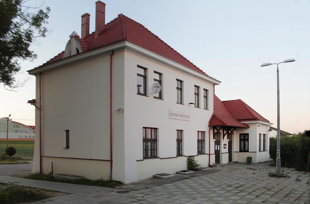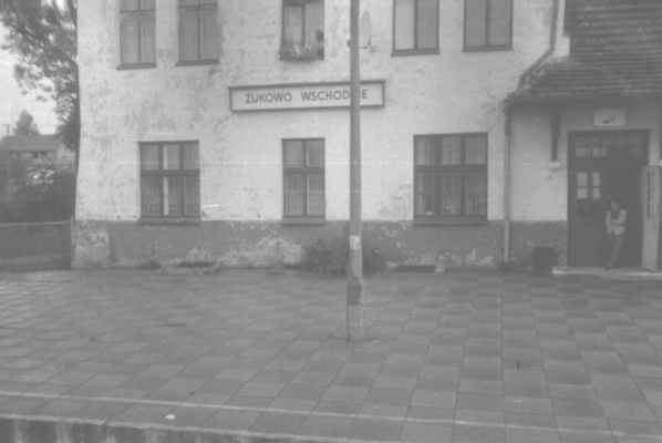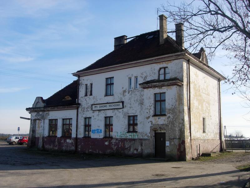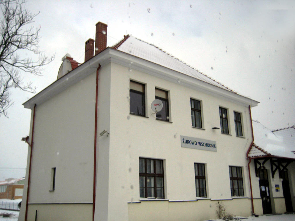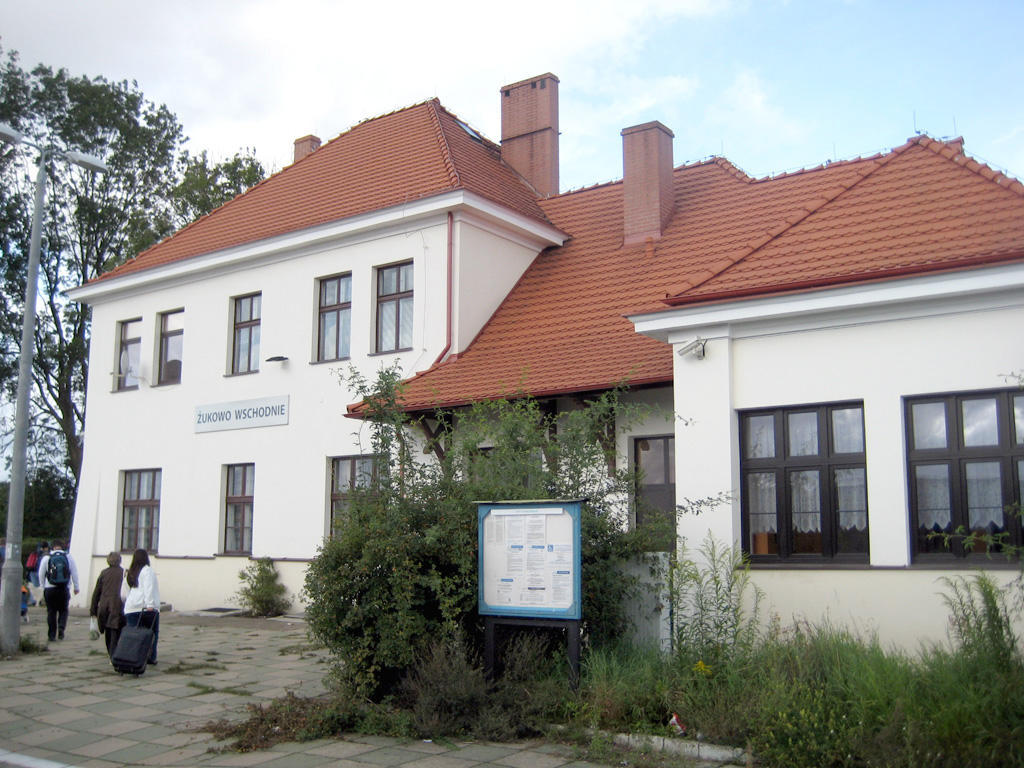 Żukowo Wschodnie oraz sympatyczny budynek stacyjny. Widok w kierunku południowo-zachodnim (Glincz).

□ □ □ □ □ □ □

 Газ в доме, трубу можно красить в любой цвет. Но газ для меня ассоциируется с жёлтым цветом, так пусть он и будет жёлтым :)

□ □ □ □ □ □ □

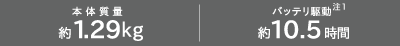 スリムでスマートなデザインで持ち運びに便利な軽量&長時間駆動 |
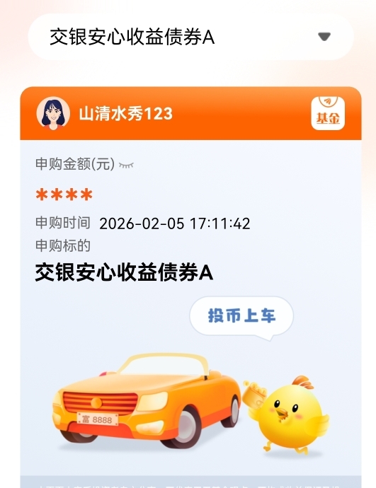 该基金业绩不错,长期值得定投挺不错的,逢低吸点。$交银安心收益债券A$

□ □ □ □ □ □ □

- _YOUR ASSIGNMENT_
Reproduce, word for word, everything in the listing above from the line containing "スリムでスマートなデザインで持ち運びに便利な軽量&長時間駆動 |" down to the line containing "该基金业绩不错,长期值得定投挺不错的,逢低吸点。$交银安心收益债券A$", both of them included. No pictures.

- _ANSWER SPACE_
 スリムでスマートなデザインで持ち運びに便利な軽量&長時間駆動 |
 该基金业绩不错,长期值得定投挺不错的,逢低吸点。$交银安心收益债券A$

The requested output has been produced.